The US also said the new law may restrict freedom of expression and association.

Hong said China pays great attention to the relationship between fighting terrorism and protecting the human rights and will ensure people’s rights are protected.

Officials say China faces a growing threat from militant and independence, particularly in the unruly western region of Xinjiang, where hundreds died in violence in recent years.

The law groups, though, doubt the existence of a coherent militant group in Xinjiang, saying the unrest stems mostly from anger among the region’s Muslim Uighur people about restrictions on their religion and culture.

(Reporting by Ben Blanchard; Editing by Nick Macfie)

LinkedIn’s 4Q gets rave reviews from investors

 

SAN FRANCISCO (AP) â?? Online professional networking site LinkedIn quarter performance has a new line to his sterling resume as a limited company.

results’ s unbroken streak exceeded analysts LinkedIn Corp. Thursday extended forecasts for both revenue and gains. It was the seventh consecutive quarter since LinkedIn IPO in May 2011 that the company has pulled it off, much to the delight of investors.

series of surprises is one of the reasons why this file is LinkedIn tripled from its initial offering price of $ 45. shares jumped November 71 dollars, or 9.4 percent, to $ 135.80 in extended trading after the results were released.

In addition to an increase of 66 percent of sales in the previous year, the last quarter was characterized by an influx of 15 million accounts to the total number of members of LinkedIn drift than 200 million. Visitors to the website LinkedIn viewed 67 pages per cent over the previous year, an indication of the company’s efforts to increase new business and career advice to add for executives of companies to bear fruit.

embrace Wall Street LinkedIn contrast to the response to cold of other Internet services to the public over the past few years. Most of them are trading below their IPO price.’s most notable Facebook Inc., whose shares worth about 25 percent lower than it was when it debuted on the market in May

Although both sites

term dedicated to connecting people with common interests, LinkedIn and Facebook are aimed at different audiences. focuses on FaceBook friends and family good time to let the stories and of the swap, while LinkedIn focuses on helping people to move and help companies fill positions.

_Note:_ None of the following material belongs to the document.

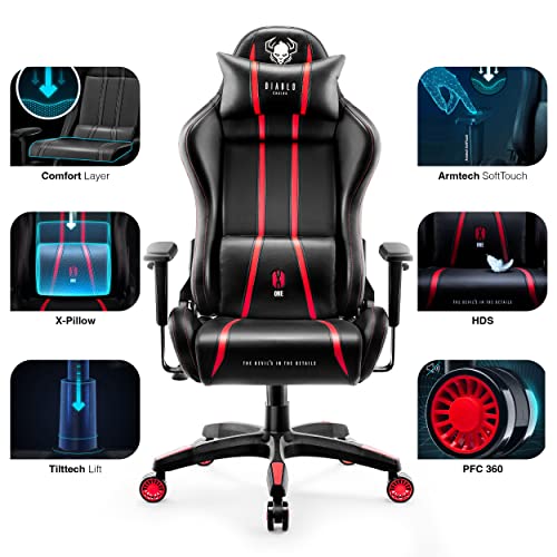 Diablo X-One 2.0 Silla Gaming Gamer Oficina Sillon de Ordenador Reposabrazos Ajustables Cuello/Cojín Lumbar Diseño Ergonómico Rojo Normal (L)
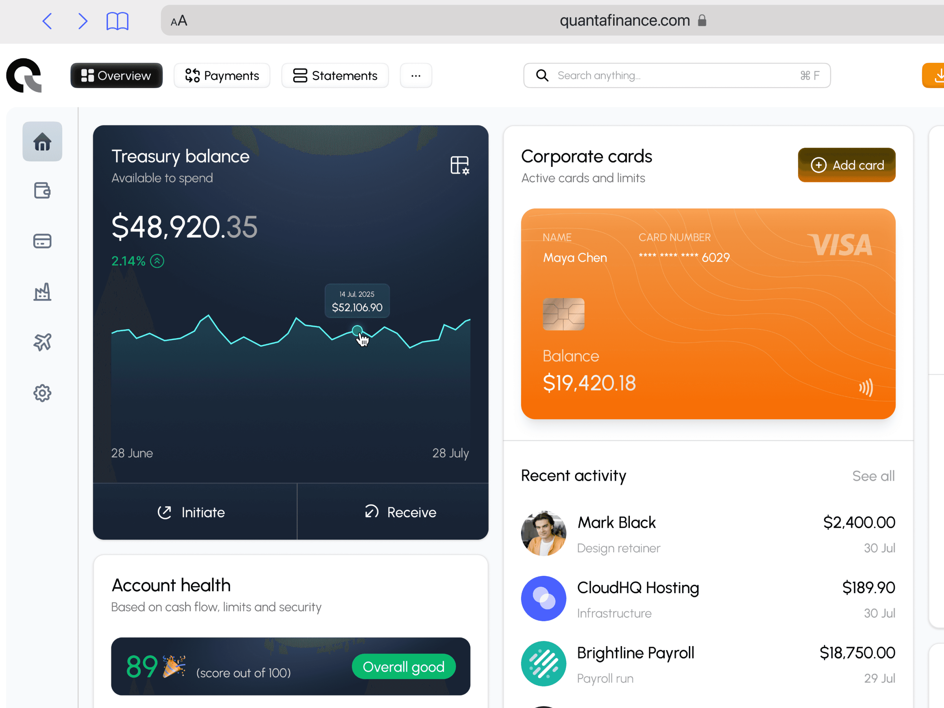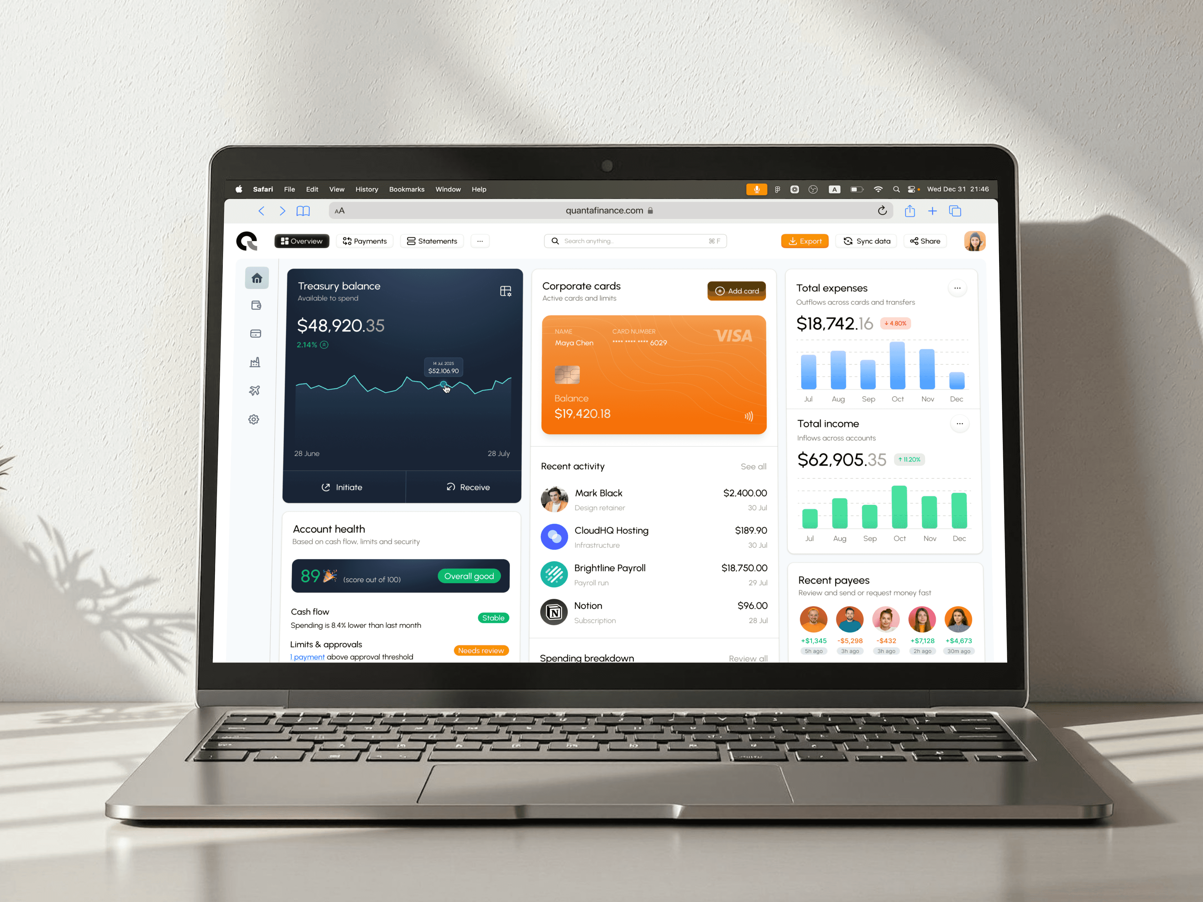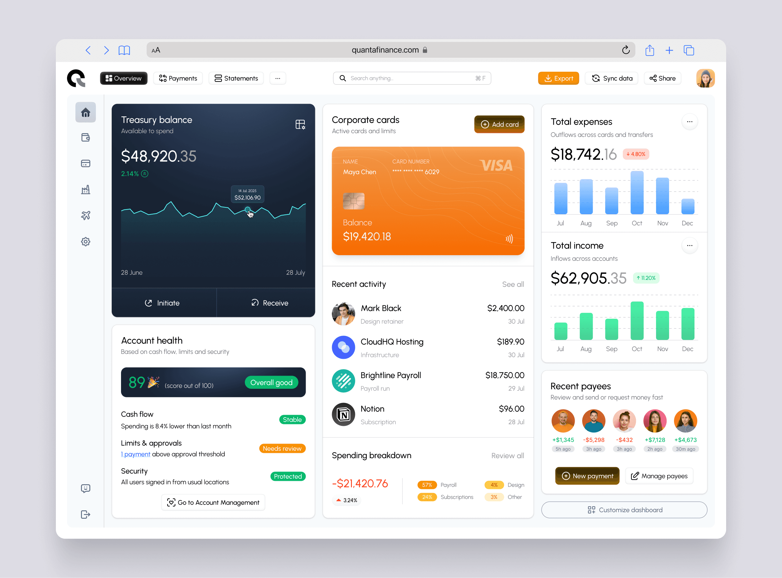 Quanta Finance is a B2B platform designed to help startups and SMBs manage cash position, corporate cards, and outgoing payments in one place. The product targets operators who need fast answers to daily finance questions:

Facebook, based in Menlo Park, is the largest of the two services, with more than 1 billion active users and $ 5.1 billion sales last year. LinkedIn, based in Mountain View, California, has 202 million accounts and a turnover of $ 972 million in 2012.

But

LinkedIn is growing rapidly, partly because it is less dependent on advertising as Facebook and most Internet services. fourth quarter, advertising accounted for 27 percent of revenue on LinkedIn. The rest comes from the various tools it sells to recruit employees to help gather more ideas from information that users may post on its website.

As a result of his conviction that the data members worth more, LinkedIn said Thursday that he intends to raise prices this year. Creation of a user profile is free. Higher prices reflect the additional information the company has built up the membership has more than doubled in less than two years, according to Steve Sordello, CFO LinkedIn. Society has no information on the increases.

LinkedIn earned $ 11.5 million, or 10 cents per share , in the course of the last three months of last year. Which compared to $ 6.9 million, or 6 cents per share, a year earlier.

If not for the cost of the compensation of employees and certain other costs , LinkedIn said it would have earned 35 cents per share. This was well above the average estimate of 19 cents per share among analysts polled by FactSet.

Sales increased by 81 percent last year to 304 million â € 24,000,000 dollars higher than analysts ‘expectations.

LinkedIn income outlook for the current quarter and all of 2013 were roughly in line with analysts’ estimates, paving the way for the company to financial barriers to detect again.

management forecasts for annual sales of $ 1.4 billion this year seems sensible, because it would lead to an increase of about 45 percent last year. In 2012, the annual income LinkedIn grew by 86 percent.

“We try a conservative approach to use the year-on-year growth, “he told analysts during a conference Sordello analysts.